Le Docteur se mit à rire de soulagement, mais de cette façon si sexy qui n'appartenait qu'à lui.

- Je suis comblé, si cela suffit à te rendre heureux. Je n'étais pas sur de quoi répondre, mais quand je l'ai dit … Je n'y ai pas vraiment réfléchi. C'est sorti instinctivement.

Le visage du Maître oscillait entre joie et crainte.

- Vraiment ? Tu n'y as pas réfléchi ? C'est tellement … Comme dans un roman que j'ai lu sur Terre, durant mon époque Saxon. J'imagine que tes humains savent de quoi ils parlent, en ce qui concerne les actions irréfléchies et l'amour …

Le Docteur émit un petit rire gêné et pencha la tête, appuyant ainsi un peu plus sa joue contre la main de (du) Maître. Mais elle quitta alors son visage, et il se sentit maladroit. Enfin, jusqu'à ce que les bras du Maitre enserrent fermement sa taille, tandis que ses lèvres se pressaient contre les siennes. Il commençait à s'habituer à ce genre de démonstration d'affection, à présent, mais il ne savait pas trop comment il devait réagir. Il ne savait pas quoi faire de ces bras, ni comment étreindre le Maître. Mais tout était fini avant qu'il n'ait réussi à prendre une décision. Et le Maître commença à s'éloigner, se retournant après quelques pas pour vérifier si le Docteur le suivait.

- Allons, Docteur ! Je n'ai pas pu te couper le souffle à ce point là ! dit-il en revenant sur ses pas, près du Docteur.

- Excuse-moi. C'est juste que c'est dur pour moi … C'est comme si je venais juste de réaliser que je suis avec quelqu'un. C'est assez nouveau pour moi, du moins depuis …

Le Docteur essayait réellement d'exprimer ses sentiments, sans vraiment y parvenir.

- C'est moi qui devrais m'excuser. Je sais, j'ai dit que je ne te brusquerais pas, et j'essaye, mais tu dois me dire quand tu veux que j'arrête. Parce que je le ferais, si tu me le demandes.

- Je le sais, mais ce n'est pas ça. C'est juste que je suis toujours un peu comme sous le choc, quand j'y pense.

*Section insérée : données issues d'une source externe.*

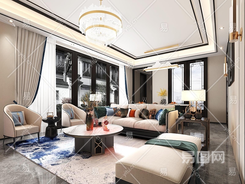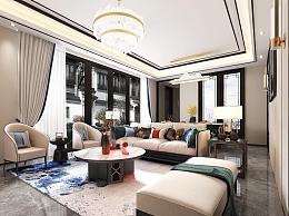 新中式轻奢别墅客餐厅3D模型下载
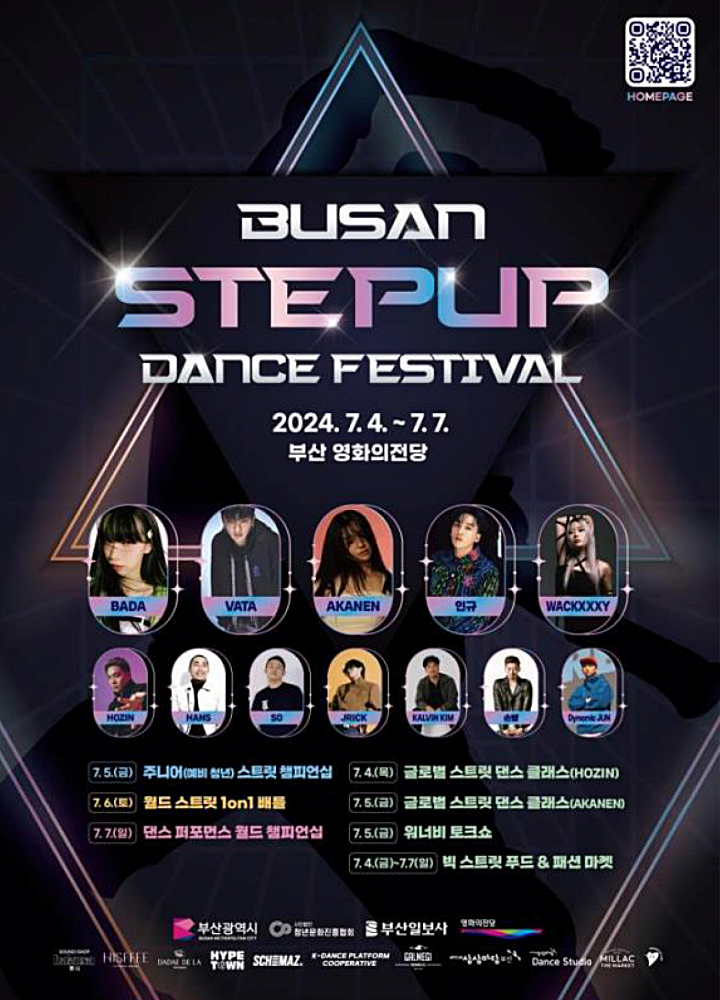 부산시는 (사)청년문화진흥협회와 오는 4일부터 7월 7일까지 4일간 영화의전당, 뮤지엄원, 서면 상상마당 등에서 「2024 부산 스텝업 댄스 페스티벌」을 개최한다고 밝혔다.
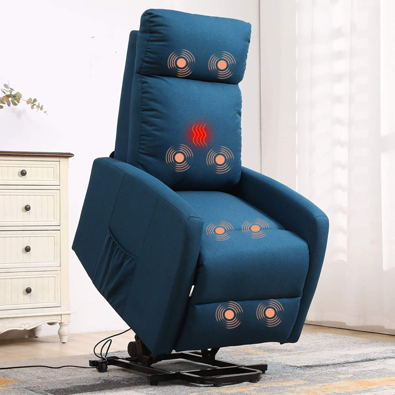 Massage Recliner Chair for Elderly Electric Power Lift Chair Sofa Reading Chair Living Room Chairs Fabric Reclining Chair Ergonomic Heated Lazyboy Bedroom Home Theater Seating Recliners,Blue
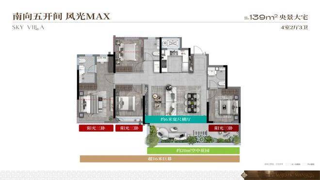 大面宽也营造了更为明媚的家庭公区。约6米宽尺大横厅连接南向空中花园,周末与亲友相聚,阳光倾泻而入,甚至都不需要开启主灯。
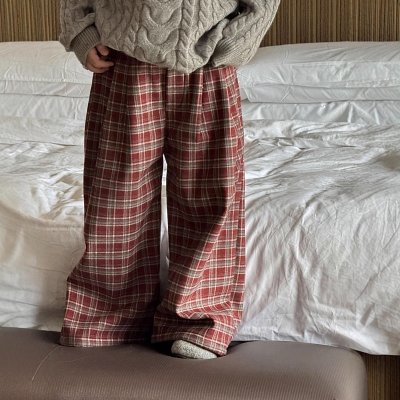 비다이어리.도브와이드기모체크팬츠

- Moi aussi, avoua le Maître, induisant un soulèvement de sourcil chez le Docteur. Rien que de penser que je suis ici avec toi, même si ce n'était qu'en tant que simple compagnon, ça me laisse complètement abasourdi.

Le Maître et le Docteur restèrent plantés là, à se regarder dans le blanc des yeux, pendant une bonne minute. Puis le Maître dut briser le silence, craignant que cela ne vienne détruire ses chances.

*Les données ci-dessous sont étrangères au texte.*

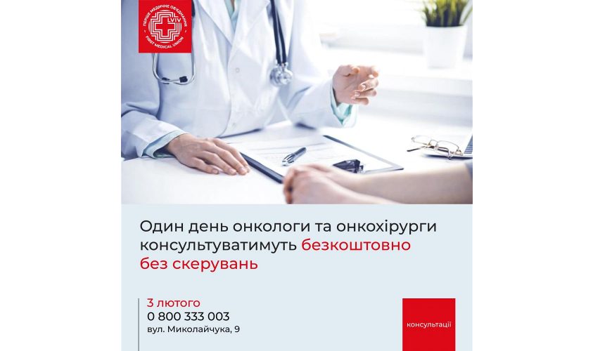 Початок консультацій – 3 лютого о 8:00 год. у відділенні онкології та онкохірургії Лікарні святого Пантелеймона (вул. Миколайчука, 9, 4 поверх).
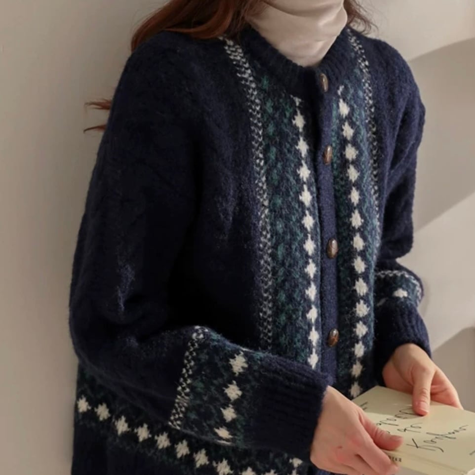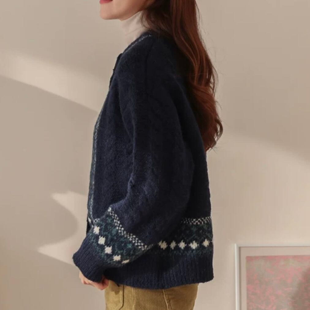 柄編みが目を引く、クルーネックの長袖ニットカーディガンです。
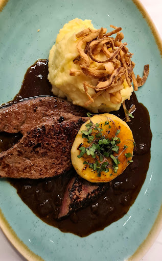 Quite possibly the best Austrian food in Vienna. And it's not just that the food isn great, but the staff is super friendly and attentive. We've been there a dozen times now and it never disappoints. This all leads to a very loyal following from the neighborhood, and it's rare to see tourists out here. That said, it's less than 20 minutes from the city center via the #40 tram. Just go to the last station and your there ! They have a daily prix fixe menu option and Thursday is my favorite with the very generous Wiener Schnitzel. Yesterday we had Frittatensuppe, Fischsuppe and shared a pear and gorgonzola ravioli in a light cream sauce. All this set in a class old Vienna building with high ceilings a wood paneled dining rooms. There are also small tables in the front room across from the bar. Update 12/23/23: another wonderful meal with great service! Today Saturday Roast Day and the Roast Beef was stellar. It was served with au gratin potatoes and sautéed vegetables. The wild game ragout was...
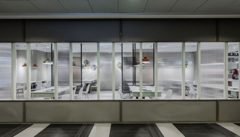 (圖)隔窗採用若隱若現的中空板與透明清玻,上下接連鐵件金屬網,吸睛設計既通透又隱蔽。
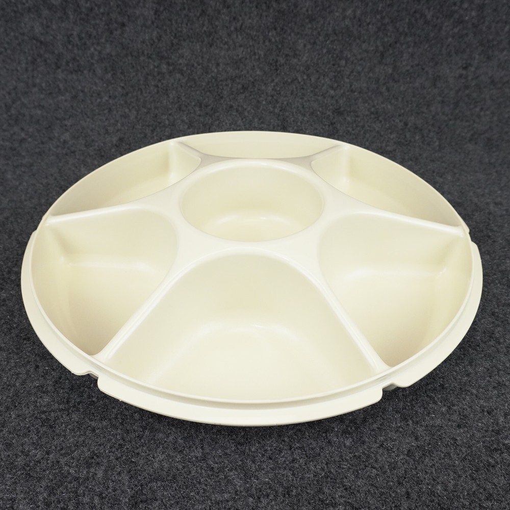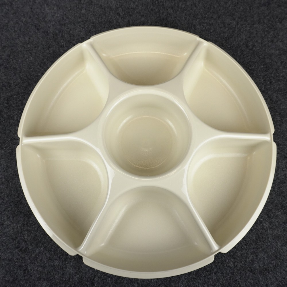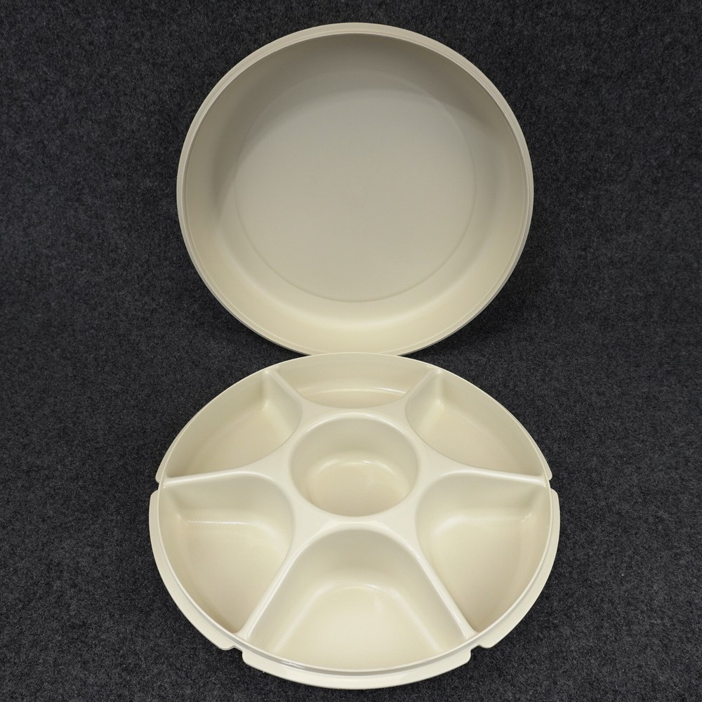 This vintage Tupperware tray is perfect for serving snacks and appetizers at your next gathering. With 7 compartments and a push-on lid, it's easy to keep your veggies, dips, and other treats organized and fresh. The almond-colored base and lid are in great shape and make a stylish addition to any kitchen or party table. This original Tupperware piece measures 13.75 inches in length and width and 3.875 inches in height, with a solid pattern and a fun veggie character design. The tray is made of easy-to-clean plastic and is perfect for adults who appreciate retro and vintage styles. Whether you're hosting a party or just looking for a convenient way to store and serve your favorite snacks, this Tupperware tray is a must-have. It is missing the veggie dip bowl #1667. Will Ship USPS Ground Advantage (Ship in United States 2 to 5 Business Days) Item has been washed/cleaned.
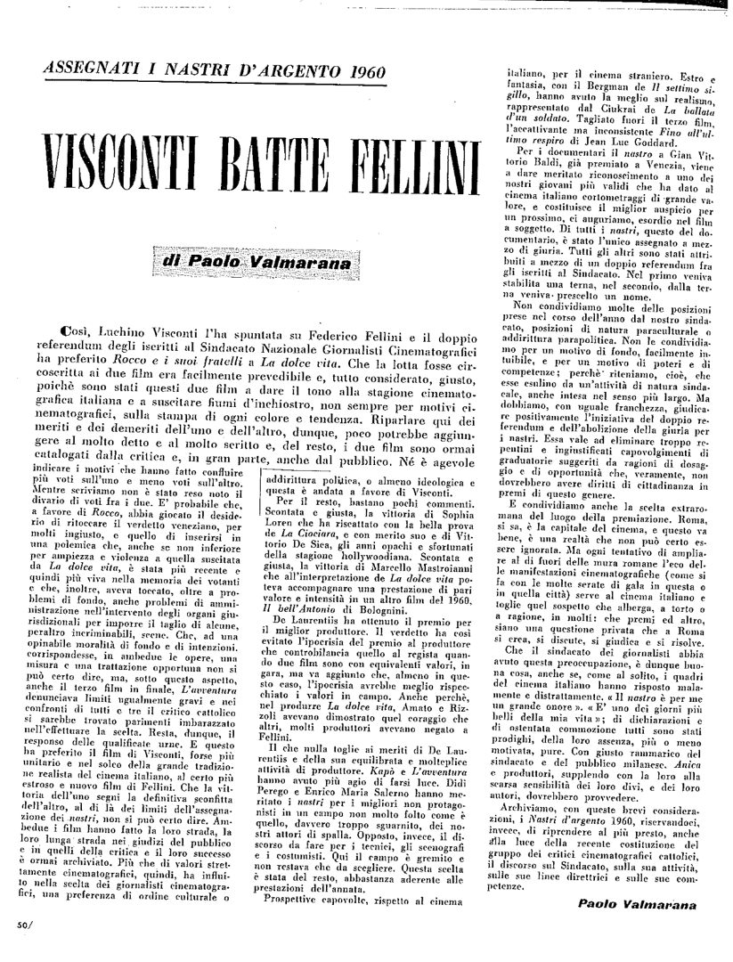 | Film (keywords PRIN 2012) | Ballada o soldate (La ballata di un soldato, Grigorij Cuchraj) Det sjunde inseglet (Il settimo sigillo, Ingmar Bergman) Il bell'Antonio (Mauro Bolognini) Kapò (Gillo Pontecorvo) L'avventura (Michelangelo Antonioni) La ciociara (Vittorio De Sica) La dolce vita (Federico Fellini) Rocco e i suoi fratelli (Luchino Visconti) À bout de souffle (Fino all'ultimo respiro, Jean-Luc Godard) |
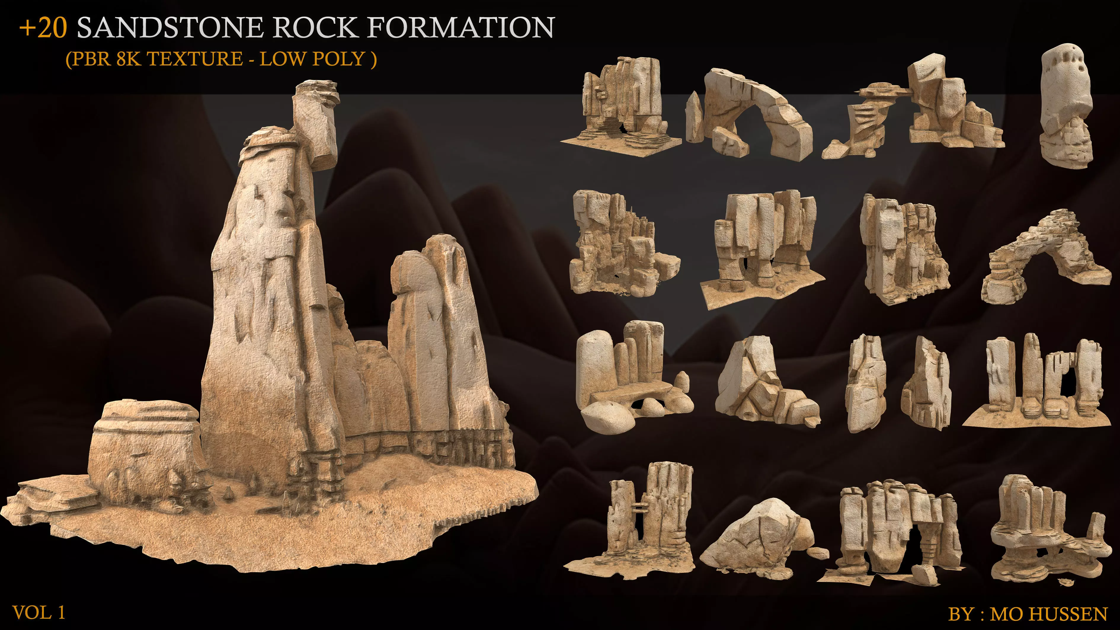 This high-quality 3D model depicts a stylized sandstone rock formation, featuring layered, chiseled surfaces with natural erosion patterns. Ideal for use in game environments, desert or canyon scenes, fantasy landscapes, or architectural visualizations. The model showcases a weathered look with intricate geometric cuts, giving it a hand-crafted or ancient carved monument appearance.
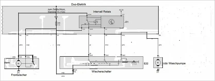 folgendes Ergebniss: Relais hat 5 Anschlüsse: 1.) Nr.15=> vom Zündschloss kommend, 2.) Nr.31=> zur Masse), 3.) Nr.53c=> 1. Schaltstellung vom Wischerschalter, Dauer-ein), 4.) Nr.53e=> zum Wisch-Motor, (vorher vom Schalter kommend), 5.) Nr. I=> (Intervall-Impuls) 2. Schaltstellung vom Wischerschalter).
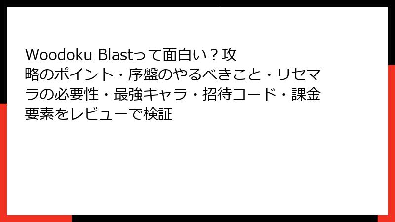 Woodoku Blastはガチャやキャラ育成のない純粋パズルゲームですが、それゆえにリセマラの必要性がなく、誰でも即高得点を目指せます。この記事では、リセマラ要素の真相から、代わりのスタートダッシュ術、そして「最強」と評されるブースター・アイテムの詳細を徹底解説。テーブルやリストで実践しやすくまとめ、序盤から上級者までスコア爆上げを実現しましょう。

- As-tu prévu d'acheter quelque chose ? Est-ce que tu as de l'argent, au moins ? demanda-t-il.

- De l'argent ? Ah ça non ! L'argent m'a toujours embrouillé à un point que tu ne peux imaginer. Par contre, je fais du troc. Ces gens veulent de l'argent, dit le Docteur comme s'il donnait un cours, mais ils sont toujours heureux de marchander.

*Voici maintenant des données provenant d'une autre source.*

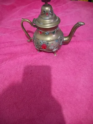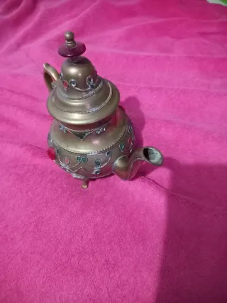 Preciosa tetera árabe, elaborada en latón y con detalles decorativos. - Material: Latón. - Diseño: Tradicional árabe. - Adornos: Incrustaciones de piedras de colores y detalles labrados.
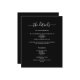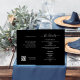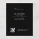 Um moderno e elegante programa/programa/cronograma de casamento. Um fundo negro. Personalize e adicione seus nomes e detalhes do casamento. Letras brancas coloridas. Texto de ambos os lados. Adicione o URL do seu site de casamento ao código QR. 1 folha = 1 programa impresso borda a borda.
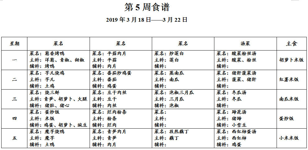 请各位家长查看第五周午餐菜谱,若您的孩子对某样食材过敏,请一定要提前告知班主任老师哟,谢谢~
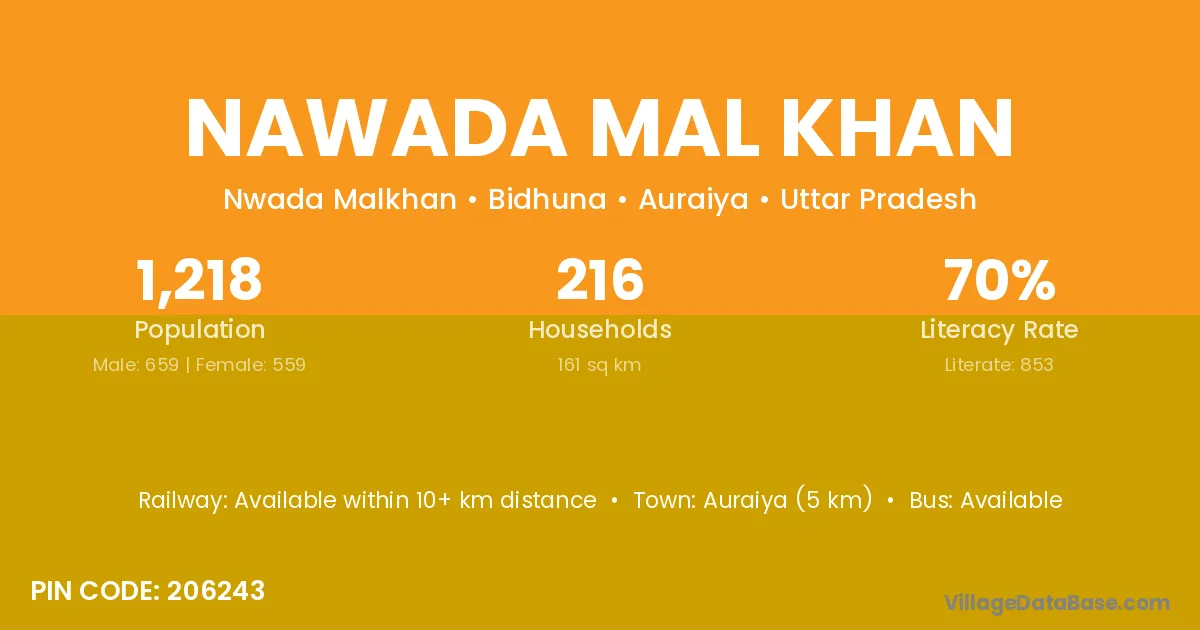 Auraiya (5 km) is the nearest town to Nawada Mal Khan village for major economic activities and is located approximately 5 km away.
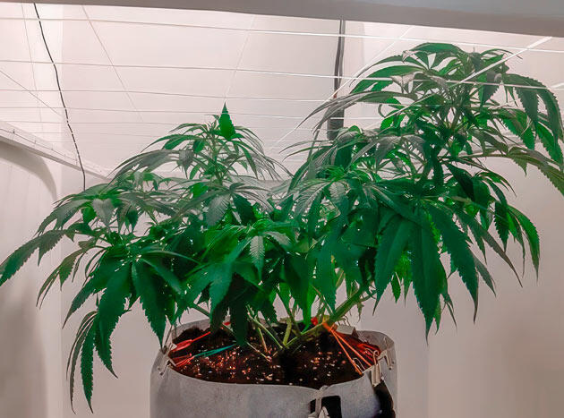 На 16-й день приступил к тренировке растения. Для фиксации использовал две резинки — слегка согнул центральный стебель. Спустя пару дней передвинул зажимы с резинками ближе к краю гроубэга, тем самым еще сильнее пригнув растение. Нижние листья аккуратно заправил, лампу поднял повыше, снизив PPFD до 256. После этого дополнительно натянул одну из резинок, закрепив за ручку горшка, и сделал более выраженный наклон. Также провел первую легкую дефолиацию: убрал пару нижних листьев и один из второй пары. Одну резинку сложил вдвое, чтобы пригнуть центр пониже, а листья спрятал под боковые побеги. Подсыпал еще немного субстрата. На фото хорошо видно, что к 21-му дню Гуля сформировала красивую структуру.

- Et qu'est-ce que tu as apporté pour tes échanges ? demanda le Maître, alors qu'ils marchaient côte à côte.

- Et bien, le pistolet de Wilf, tout d'abord. Je ne vais jamais l'utiliser, et je pense que ces gens seront fascinés par sa conception primitive.

- Tout le monde n'est pas comme toi, Docteur ! s'écria le Maître en riant.

- Non, mais qui n'aime pas une petite antiquité de temps en temps ?

Les deux Seigneurs du Temps étudièrent la moindre pièce ressemblant à de la technologie que le marché avait à offrir. Peu de choses attirèrent leur attention, jusqu'à ce qu'ils arrivèrent à une table derrière laquelle un vieil homme dormait.

Ils examinèrent les composants étranges. Le Docteur ressemblait à un enfant humain dans un magasin de jouet, et le Maître prit le temps d'apprécier de le voir ainsi.

- Qu'est-ce que c'est que ça ? demanda le Docteur dans un murmure alors qu'il tenait ce qui semblait être une petite boite en plastique noir.

Sur le haut de la boite, il y avait un unique bouton sur lequel le Docteur s'empressa évidemment d'appuyer. La boite émis alors une série de rapides bips suraigus, et des chiffres vinrent s'afficher sur un écran que le Docteur n'avait pas remarquer plus tôt.

- Ceci, dit le vieil homme, à présent bien réveillé, est un Compteur de Vie. Quiconque allume cet appareil verra son âge apparaître à la seconde près sur cet écran.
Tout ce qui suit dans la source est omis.